Le résultat opérationnel n’appelle pas vraiment d’explication : c’est simplement le résultat obtenu par l’activité industrielle et commerciale de la société avant les charges financières et les impôts.

Les charges non décaissées sont des charges qui, comme leur nom l’indique, ne donnent pas lieu à des sorties de cash pour l’entreprise : par exemple les amortissements des actifs ou des provisions pour créances douteuses.
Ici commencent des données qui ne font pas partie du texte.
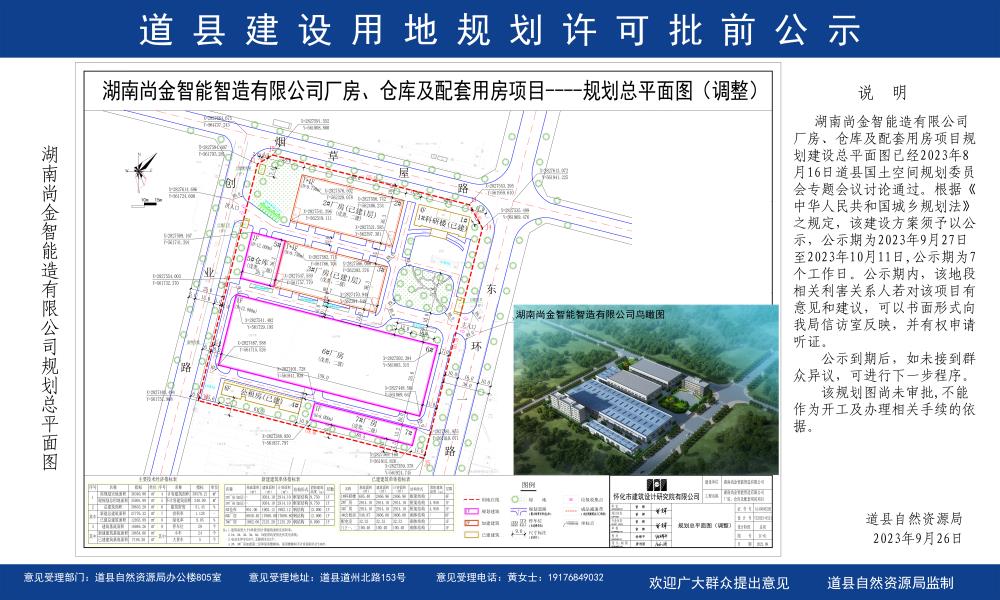 湖南尚金智能智造有限公司厂房、仓库及配套用房项目规划许可批前公示

Nous revenons plus en détail sur le besoin en fond de roulement. Il correspond à l’argent « bloquée » par la société pour financer son cycle d’exploitation, autrement dit, l’argent qui est immobilisée entre le moment où la société paie son personnel et ses fournisseurs et le moment où elle encaisse effectivement les factures de ses clients. En gros, on calcule sur base de la formule suivante : stocks + créances – fournisseurs. La variation du besoin en fond de roulement calcule la différence entre le besoin en fond de roulement de l’exercice précédent et celui de l’exercice clôturé. Et si le besoin en fond de roulement augmente (autrement dit si les stocks et les créances augmentent plus vite que les dettes fournisseurs), la trésorerie disponible pour la société diminue à due concurrence puisqu’elle se retrouve immobilisée dans le cycle d’exploitation.

 

Mise en pratique avec T-Bay Holding

Après ce petit préambule technique, nous vous proposons d’analyser le flux des activités opérationnelles de  ce gros « foirage » que fut T-Bay Holding.

Nous nous basons sur les comptes arrêtés en mars 2009 : ce sont eux qui ont servi de base à notre décision d’investir.
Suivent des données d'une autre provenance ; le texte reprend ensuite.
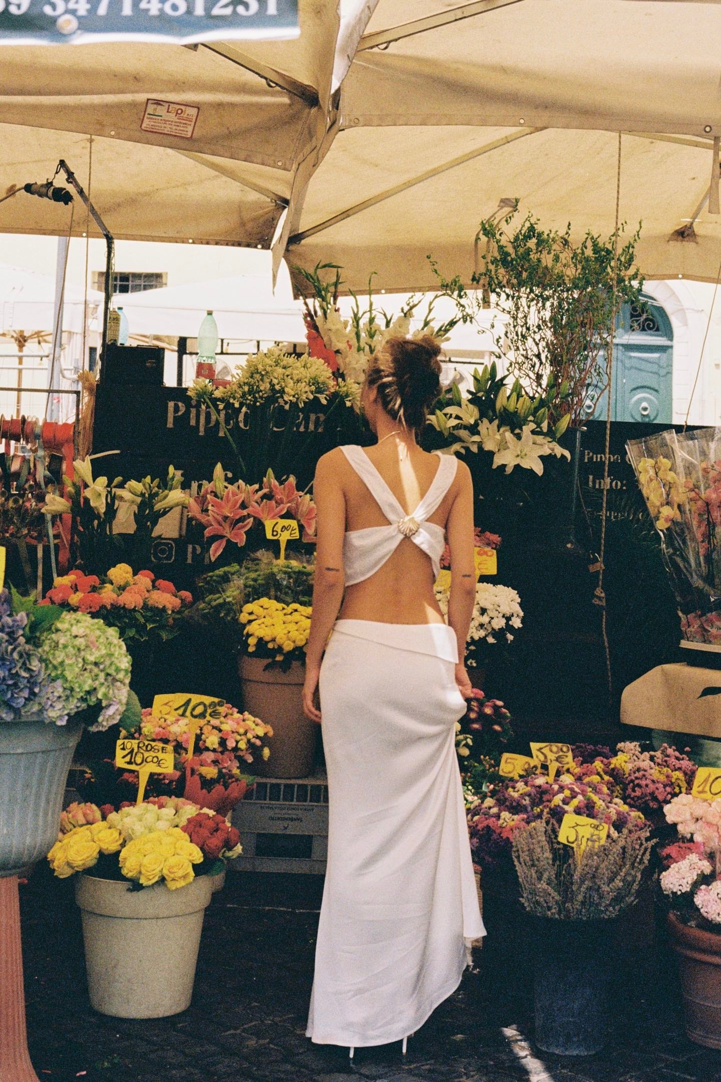 MINPURA White Backless Shell-Embellished Top & Satin Skirt
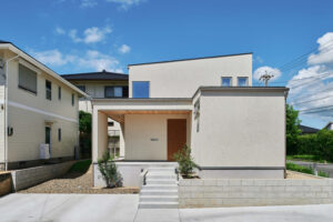 スチール階段と吹抜けとモルタルテラス/半田市

Première ligne de nos flux d’exploitation : le résultat. Ici, pas de surprise : T-Bay présentent une perte de 8 713.  Normal : c’est une daubasse après tout.

Nous ajoutons ensuite les charges non décaissées pour obtenir l’excédent brut d’exploitation (ou EBITDA) : très joli de la part de  T-Bay holding qui, après ces redressements, présente un « déficit brut d’exploitation » de seulement 1 584. En effet, la majeure partie des pertes étaient due à des provisions pour créances douteuses qui constituent bel et bien des charges comptables mais pas des charges décaissées, du moins tant que la perte n’est pas confirmée et définitive. Nous avions remarqué cela lorsque nous avions décidé d’acheter la société et avions mis cela sur le compte de la grande prudence de la direction quant à ses règles d’évaluation. Hélas, si nous avions pris la peine de passer à la troisième étape, nous aurions compris qu’il ne s’agissait pas de prudence mais, au mieux, de réalisme.

3e étape : nous ajoutons la variation du besoin en fond de roulement si ce besoin a diminué (puisque la société a, dans ce cas, libéré de la trésorerie de son cycle d’exploitation) ou la soustrayons si le besoin a augmenté.

Chez T-Bay, alors que les ventes se « krachaient » de 24 % d’une année à l’autre, le besoin en fond de roulement explosait à la hausse. Bizarre tout de même : une société qui vend moins et voit ses en-cours clients augmenter ! Ainsi, en raison de cet augmentation, le flux de trésorerie de T-Bay Holding s’établissait finalement à  un montant négatif de 6 764.

Cette démonstration, si elle ne nous aurait probablement pas empêché d’investir dans la société, nous aurait cependant mis « la puce à l’oreille » et peut-être nous serions nous dégagés plus tôt ou, à tout le moins, aurions nous  évité de nous renforcer sur cette position.